A Decart lançou o Oasis 3 esta semana, um world model interativo em tempo real que gera cenas de direção fotorrealistas a partir de um único prompt de texto, disponível via API no que o TechCrunch reportou como uma exclusiva. Ele produz uma vista multi-câmera construída para trabalho de veículo autônomo, um fluxo frontal e dois laterais, gerando cerca de 8000 tokens por frame de forma auto-regressiva a dezenas de frames por segundo. Roda sobre hardware NVIDIA, Amazon e Google através da camada de otimização própria da Decart, a dois centavos por segundo de mundo gerado. O CEO Dean Leitersdorf diz que custa mais de uma ordem de magnitude menos para rodar do que qualquer outra coisa na área, e que é o primeiro world model usável o bastante para as pessoas realmente programarem em cima.

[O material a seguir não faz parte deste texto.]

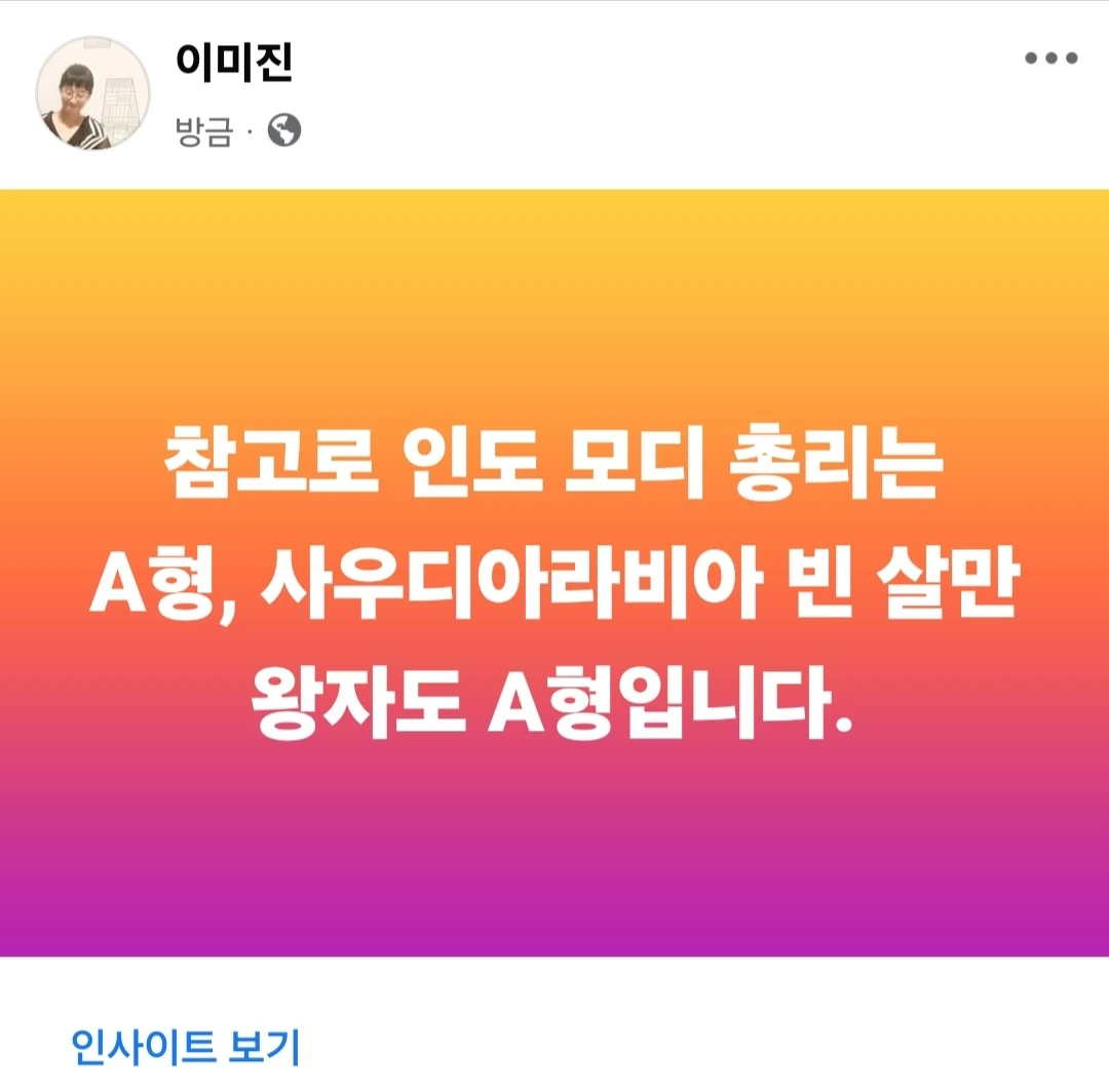 중국 시진핑은 B형, 왕이 외교부장은 AB

As ressalvas não estão enterradas, elas são o ponto, e a manchete diz isso. Numa sessão longa o mundo deriva: as ruas de Nova York derretem em cidade genérica, e se você se vira e volta, o lugar que você deixou se foi e foi substituído. O controle direcional escapa das suas mãos. E o modelo não simula colisões, os carros se atravessam direto, porque, diz Leitersdorf, os dados de treinamento têm muito mais boa direção do que acidentes. Ele chama a lacuna das colisões de um problema de pesquisa maior que a empresa está resolvendo agora. O resumo honesto é que sessões longas parecem dream-like e desconexas, fotorrealistas frame a frame mas nem coerentes nem físicas ao longo do tempo.
Essa lacuna importa precisamente por causa do pitch. O caso de uso é treinamento de veículo autônomo, e a coisa mais valiosa que um simulador AV pode produzir é o momento perigoso: o quase-acidente, o fechada, a colisão que você quer que o carro aprenda a evitar. O Oasis 3 renderiza a rua lindamente e ainda não consegue renderizar a batida fisicamente. Então a aposta é fotorrealismo-primeiro, física-depois, barato e programável agora. É uma aposta diferente do resto da área: o Genie 3 da DeepMind é um world model geral trancado atrás de um tier de $200 por mês, o world model da Waymo é treinado sobre 50 milhões de milhas autônomas reais, o Cosmos da NVIDIA mira o raciocínio físico diretamente. A Decart tem dois anos, levantou uma rodada de $300 milhões a uma valuation de aproximadamente $4 bilhões com Toyota, Adobe, eBay e NVIDIA dentro, diz ter queimado bem menos de $100 milhões no total, e já roda a Lucy, um video model em tempo real, para uma comunidade de mais de 100 000 desenvolvedores.
Para o fio que vimos acompanhando, este é o primeiro data point comercial, e primeiro honestamente-ressalvado, em world-models-como-substrato-de-treinamento, a pista que o Genie 3 abriu há dois dias. O substrato agora é entregável, com preço de tabela, e uma ordem de magnitude mais barato do que o esperado, que é a parte que vai atrair os builders. Mas a ressalva é o sinal real: usável e fisicamente fiel ainda não são a mesma coisa, e para treinamento embodied essa distinção é o jogo inteiro. Um simulador onde os carros se atravessam pode ensinar a um stack de percepção como uma rua se parece, mas não ensinar a um stack de planejamento o que fazer quando outro carro não cede. O roadmap da Decart, geração baseada em vídeo em vez de prompts de imagem, contexto mais longo, e compressão de memória para a consistência, mira direto na lacuna. Se fotorrealismo-primeiro ou física-primeiro vence para treinar agentes embodied é agora uma pergunta viva com uma etiqueta de preço anexada, e as primeiras respostas reais virão de quem quer que tente treinar sobre o Oasis 3 e reporte de volta.